We have an external PostgreSQL server where we pull data from using odbc. We typically pull data in chunks as we need, so sometimes pull all date "where date > (some specific date)" or "where id > (some specified id)" or between certain dates (like start_date and end_date). Example code below
The above conditions are pretty straight forward and can be implemented without burdening the server too much.

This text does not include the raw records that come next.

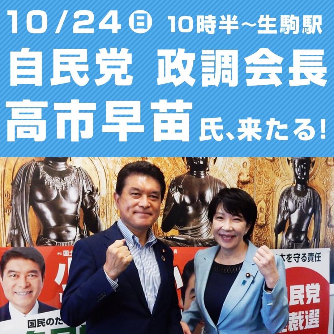 明日24日、候補者応援のため全国を飛び回っておられる高市早苗政調会長が、小林しげき候補の応援に奈良に戻って来られます。ご都合のつく方は、是非お越しください。 #高市早苗 #小林しげき #奈良1区 #自民党 #第49回衆議院議員総選挙 #2021衆院選 pic.x.com/jlnX6y6C4t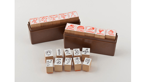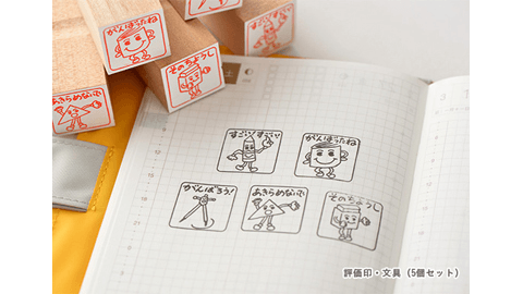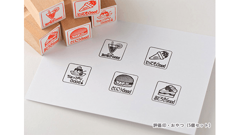 「評価印・文具」「評価印・おやつ」は、学校の先生が昔テストや宿題に押してくれたようななつかしい雰囲気のハンコのセットです。「評価印・文具」は、“がんばったね"“そのちょうし"といった元気がもらえそうな言葉のハンコ。「評価印・おやつ」は、“さいこうGood"“おどろきGood"などの“Good"なコメントのハンコです。日々つづけていることを振り返るときなどにお使いいただけます。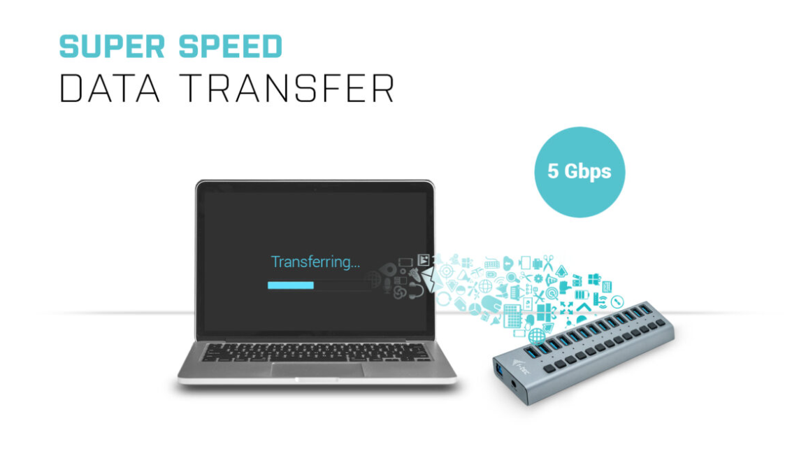 USB 3.0-hub i-tec Charging HUB, 16xUSB 3.2, inkl. 90W strömadapter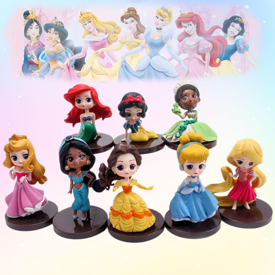 8 Peças/Conjunto Kawaii Princesa Q 9cm Rapunzel Branca de Neve Jasmine Mulan Ariel Figura de PVC Enfeites de Bolo Brinquedos Presente para Criança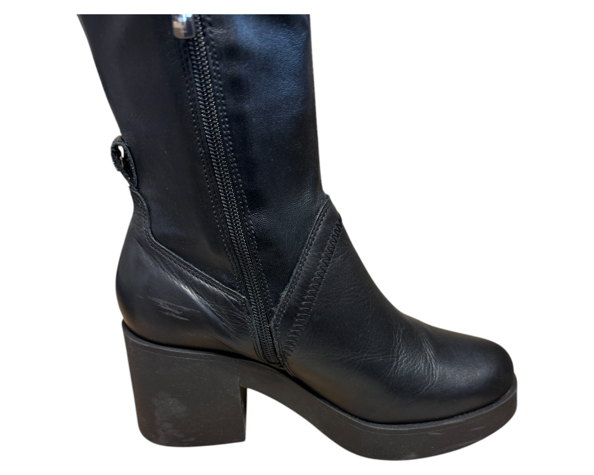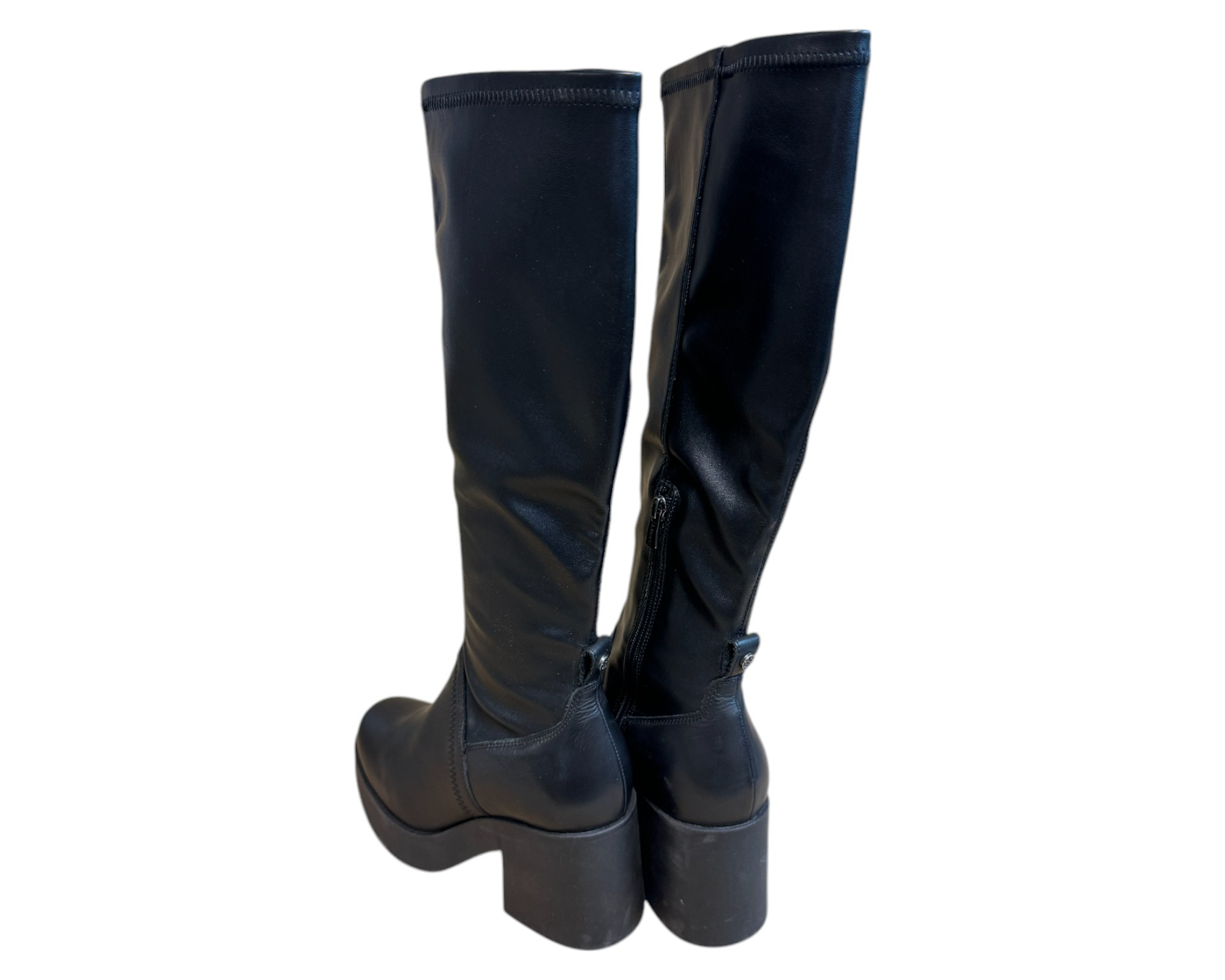 m. zewnętrzny: skóra ekologiczna, wkładka: skóra ekologiczna, podeszwa: m.syntetyczny, w. obcasa:8cm, w. cholewki:40cm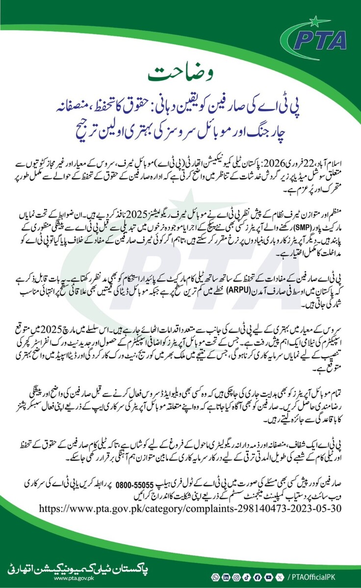 ادارے کے مطابق مارچ 2026 میں متوقع سپیکٹرم نیلامی کے بعد نیٹ ورک کی کارکردگی اور ڈیٹا سپیڈ میں بہتری کی توقع ہے، جس سے صارفین کو بہتر خدمات فراہم کی جا سکیں گی۔ اس کے ساتھ ہی موبائل آپریٹرز کو بھی یہ ہدایت کی گئی ہے کہ کسی بھی ویلیو ایڈڈ سروس کو فعال کرنے سے قبل صارف کی واضح رضامندی حاصل کی جائے۔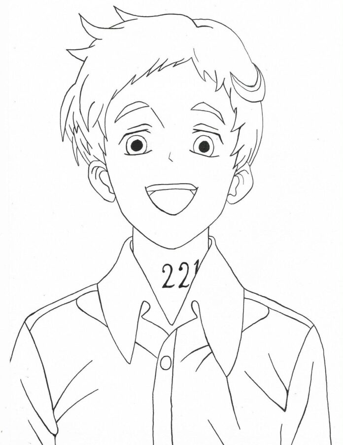 To jeden z głównych bohaterów popularnej mangi i anime o tytule The Promised Neverland, o imieniu Norman. Jest bardzo inteligentnym i bystrym chłopcem. Był głównym pomysłodawcą ucieczki z sierocińca. Zaplanował wszystko krok po kroku i zrealizował plan z przyjaciółmi. Urodzony strateg i istny geniusz. Pokoloruj Normana.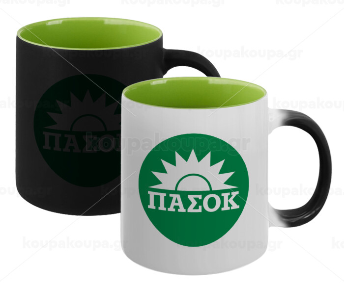 PASOK Green/White, Κούπα Μαγική εσωτερικό πράσινο, κεραμική 330ml που αλλάζει χρώμα με το ζεστό ρόφημα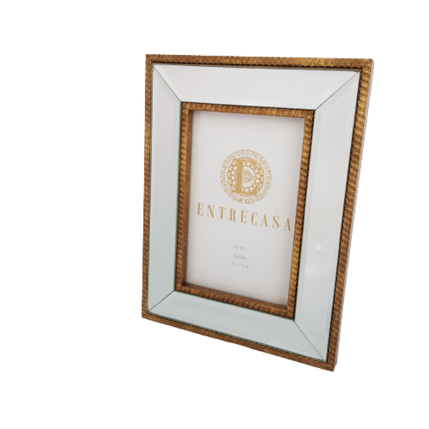 PORTA RETRATO DOURADO COM ESPELHO BISOTÊ 10 x 15cm - COMPORTA FOTOS 10 X 15cm ACOMPANHA PRESILHAS PARA PENDURAR
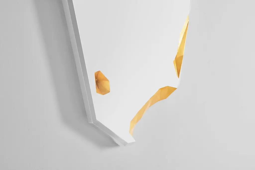 Size and color is customizable upon request, lead time is 30-60 days.Through Atelier Mark Sturkenboom, he has formulated a mineral-based fluid which, through a gradual process of accretion, precipitates the growth of crystals on various types of objects. As part of the Overgrown series, “Once Upon A Time” is a collection of diamond-shaped mirrors that are overgrown with natural minerals. The mirrors portray a fading self reflection and allude to a changing state of transience in time and identity.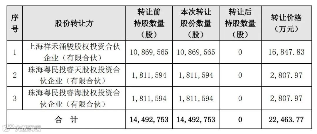 此次交易前,前海弘盛持股为52.405%,旺合大赢持股为26.2025%,祥禾涌骏持股为9.4937%,盈合创赢持股为8.7342%,睿天投资、睿海投资分别持股为1.5823%。

But it's a different story when we need to pull the entire server data (too much data on the server). Is there a way to pull data from the server in batches so an to not overburden the server?
Below is an example that we use to
getdata:{[]
query: "select data.id, data.first_name, data.last_name, data.email, data.created_at from data where data.created_at > '2020-02-04' order by id asc" ];
us::.odbc.open `dbs;
leads::.odbc.eval[us; query];
.odbc.close us;
};
dbs = server name
Could you create date batches on the kdb side and generate a startDate-endDate query for each? e.g. create 5 years of start/end dates starting at 2002.01.01
q){(`date$s),'-1+`date$12+s:(12*til y)+`month$x}[2002.01.01;5]
2002.01.01 2002.12.31
2003.01.01 2003.12.31
2004.01.01 2004.12.31
2005.01.01 2005.12.31
2006.01.01 2006.12.31
I guess you would have to loop over each table on the server also.